[RECORD EXCERPTS — start]

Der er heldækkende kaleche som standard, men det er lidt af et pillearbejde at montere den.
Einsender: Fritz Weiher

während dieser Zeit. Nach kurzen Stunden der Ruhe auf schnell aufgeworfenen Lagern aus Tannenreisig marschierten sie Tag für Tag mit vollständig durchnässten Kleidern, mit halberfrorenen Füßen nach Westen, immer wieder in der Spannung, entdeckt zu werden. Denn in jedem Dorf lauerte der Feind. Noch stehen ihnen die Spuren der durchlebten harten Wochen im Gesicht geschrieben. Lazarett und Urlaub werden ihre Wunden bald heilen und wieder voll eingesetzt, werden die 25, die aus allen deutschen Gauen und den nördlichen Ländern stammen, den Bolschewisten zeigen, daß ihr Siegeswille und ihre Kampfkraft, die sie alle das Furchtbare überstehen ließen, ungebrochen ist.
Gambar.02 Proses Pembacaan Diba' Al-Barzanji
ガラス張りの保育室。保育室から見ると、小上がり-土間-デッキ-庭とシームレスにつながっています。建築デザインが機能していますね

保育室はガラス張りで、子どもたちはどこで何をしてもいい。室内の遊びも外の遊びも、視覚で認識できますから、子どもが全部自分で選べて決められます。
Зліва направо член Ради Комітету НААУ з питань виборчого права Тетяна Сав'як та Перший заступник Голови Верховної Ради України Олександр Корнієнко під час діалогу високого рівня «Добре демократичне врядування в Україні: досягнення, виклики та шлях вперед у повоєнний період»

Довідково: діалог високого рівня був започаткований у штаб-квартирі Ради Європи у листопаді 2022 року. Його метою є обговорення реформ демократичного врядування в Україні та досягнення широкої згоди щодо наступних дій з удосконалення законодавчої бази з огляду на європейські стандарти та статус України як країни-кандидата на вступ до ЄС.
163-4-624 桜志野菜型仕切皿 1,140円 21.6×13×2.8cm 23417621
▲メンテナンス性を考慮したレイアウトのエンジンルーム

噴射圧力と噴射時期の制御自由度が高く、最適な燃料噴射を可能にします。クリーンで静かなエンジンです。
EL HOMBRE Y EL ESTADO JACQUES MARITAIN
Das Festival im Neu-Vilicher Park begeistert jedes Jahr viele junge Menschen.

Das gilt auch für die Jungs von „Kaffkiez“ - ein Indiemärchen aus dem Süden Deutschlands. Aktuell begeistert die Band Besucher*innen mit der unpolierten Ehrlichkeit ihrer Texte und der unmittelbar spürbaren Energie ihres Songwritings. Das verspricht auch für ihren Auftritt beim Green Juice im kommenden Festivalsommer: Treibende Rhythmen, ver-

[RECORD EXCERPTS — finish]

# WHAT IS BEING ASKED
In the listing, return each line containing the string "досягнення".

# RESPONSE
Зліва направо член Ради Комітету НААУ з питань виборчого права Тетяна Сав'як та Перший заступник Голови Верховної Ради України Олександр Корнієнко під час діалогу високого рівня «Добре демократичне врядування в Україні: досягнення, виклики та шлях вперед у повоєнний період»
Довідково: діалог високого рівня був започаткований у штаб-квартирі Ради Європи у листопаді 2022 року. Його метою є обговорення реформ демократичного врядування в Україні та досягнення широкої згоди щодо наступних дій з удосконалення законодавчої бази з огляду на європейські стандарти та статус України як країни-кандидата на вступ до ЄС.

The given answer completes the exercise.